И ласково положив руку на ее руку, он прибавил:
- Дорогой друг, ведь вы знаете, что я вас люблю, не правда ли? Так постарайтесь не быть слишком красивой.
Серьезная мысль, которую г-жа Сюржер увидела в спокойных глазах Эскье, остановила улыбку на ее лице.
Она проговорила:
- Слишком красивой! Почему же? Бог мой!
В эту минуту они подходили к Морису. Эскье, наклонился к своей спутнице и, указывая на молодого человека, сказал:
- Вот ради этого!
Морис не расслышал этих слов. Он спросил:
- Что такое говорит дорогой компаньон?
- Я не поняла, - ответила Жюли.
Она говорила правду. Под этими загадочными словами Эскье она только угадала предостережение. Не предлагая ей руки, Морис продолжал:
- Ну, что же… вы достаточно выказали ваши плечи?
С минуту она стояла в изумлении. Это он, ее друг, так говорит с нею? Грусть, смешанная со стыдом и оскорбленной стыдливостью, наполнила ее сердце. Ей мучительно захотелось плакать; она пролепетала чуть слышно:
- О, Морис!
Эти, готовые брызнуть слезы, удовлетворили ревность молодого человека. В нем осталось только недовольство собою, желание вымолить прощение и непреодолимая потребность сию же минуту прижать к сердцу эту обожаемую женщину.
- Простите, - сказал он, - я зол, я не умею хорошо любить вас. Не плачьте, умоляю вас, не надо, чтобы вас видели со слезами на глазах; на нас и так уже смотрят. Дайте мне вашу руку.

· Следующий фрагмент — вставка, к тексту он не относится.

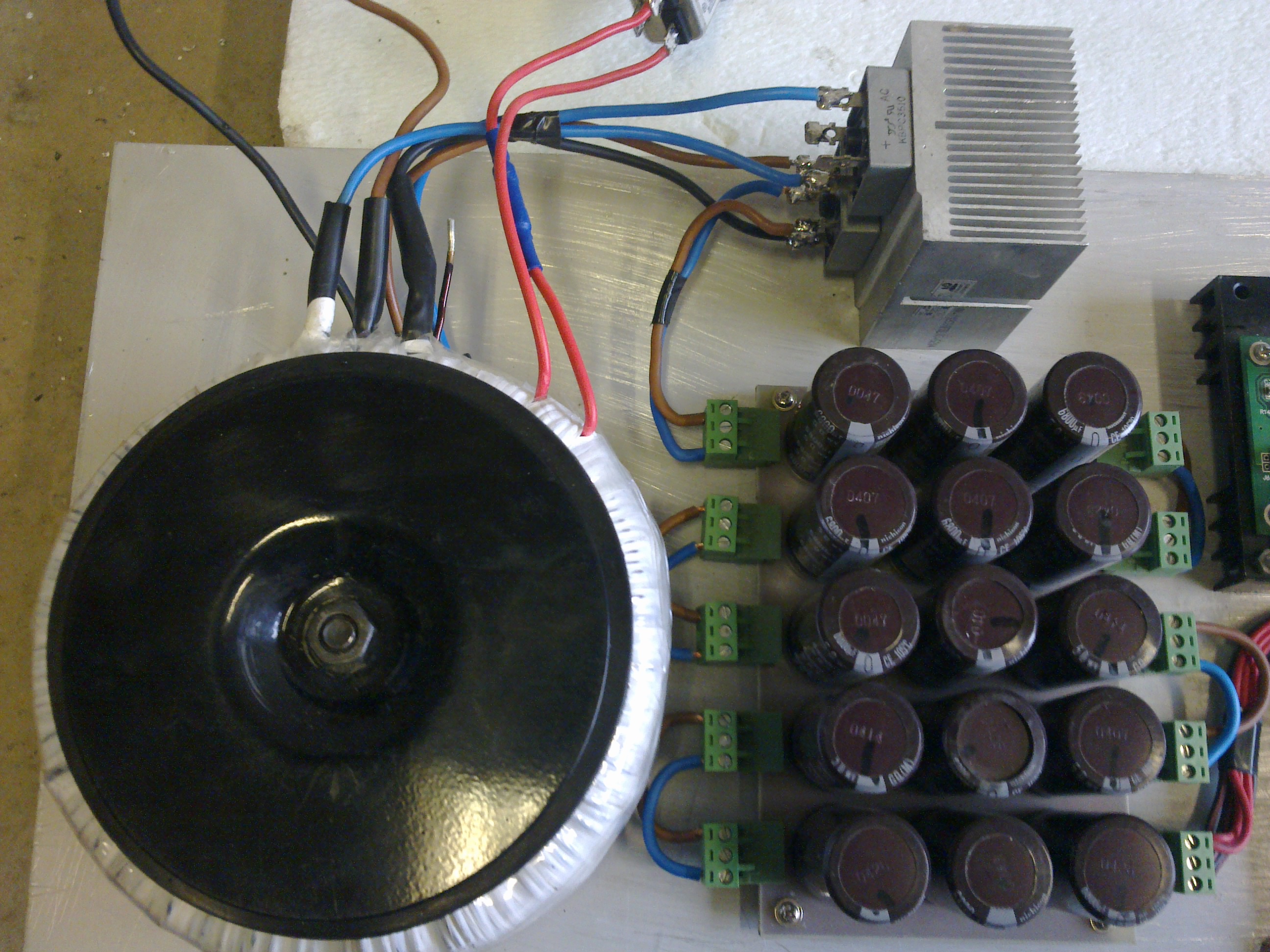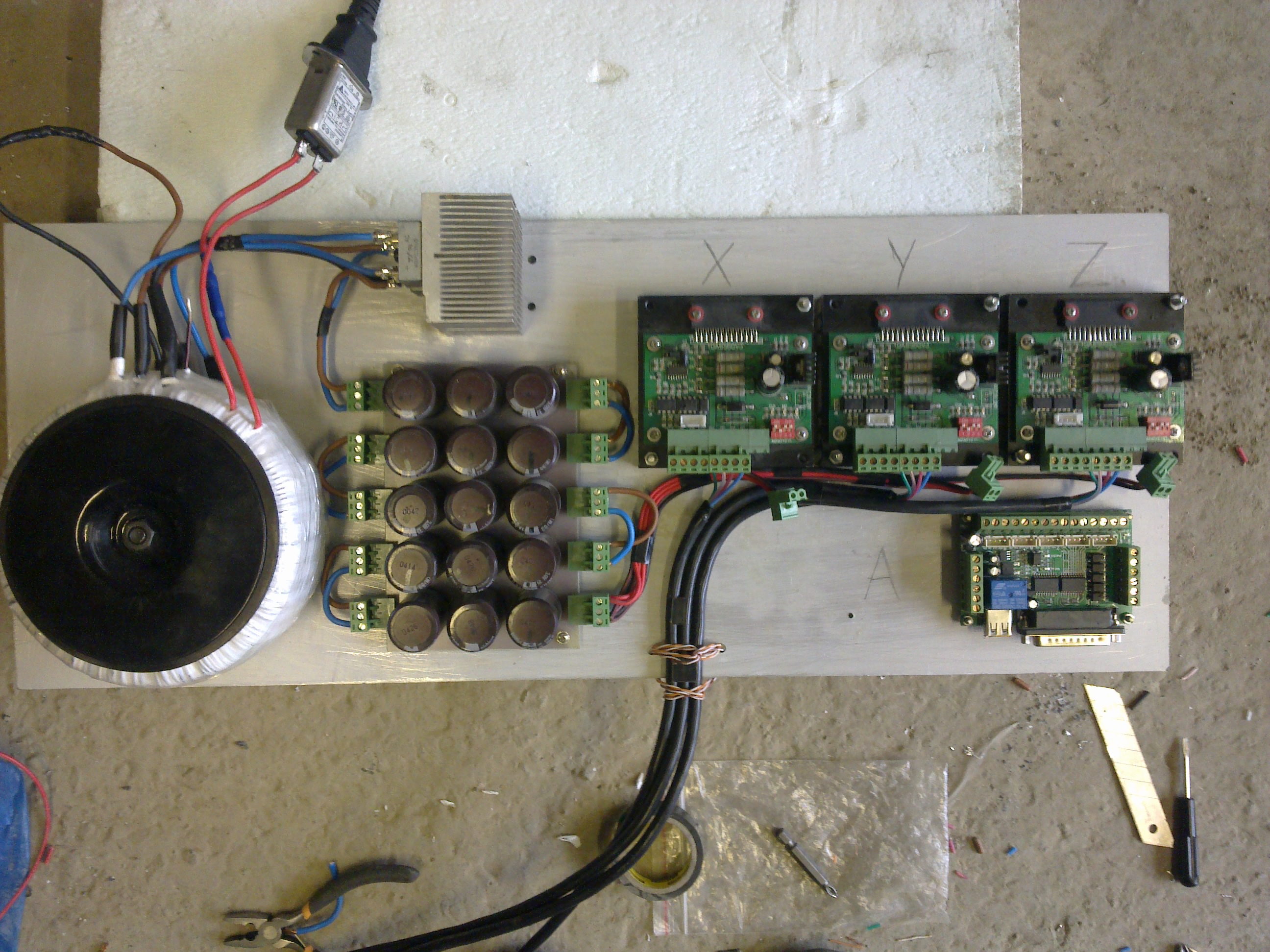 Как успехи, получилось с питанием, хотел показать что у меня. все теже драйвера на tb6560ahq, питание тороид от софитов (500вт) переделал с 12в на 28 в, с отдельным отводом на 12в, на всякий случай, диодный мост и конденсаторы, на выходе 34в, на нагрузке 33, 5 ниже не отпускался.

Она дала ему ее, широко раскрыв веер, чтобы закрыть пылающее лицо. Они довольно быстро прошли обе большие залы, во второй уже собрались игроки вокруг столов. Портьера отделяла эту залу от моховой гостиной. Когда они вошли туда, то застали только одного барина, поправляющего свой галстук; он тотчас же ушел.
- Господи, как здесь хорошо! - воскликнула Жюли, опускаясь в кресло.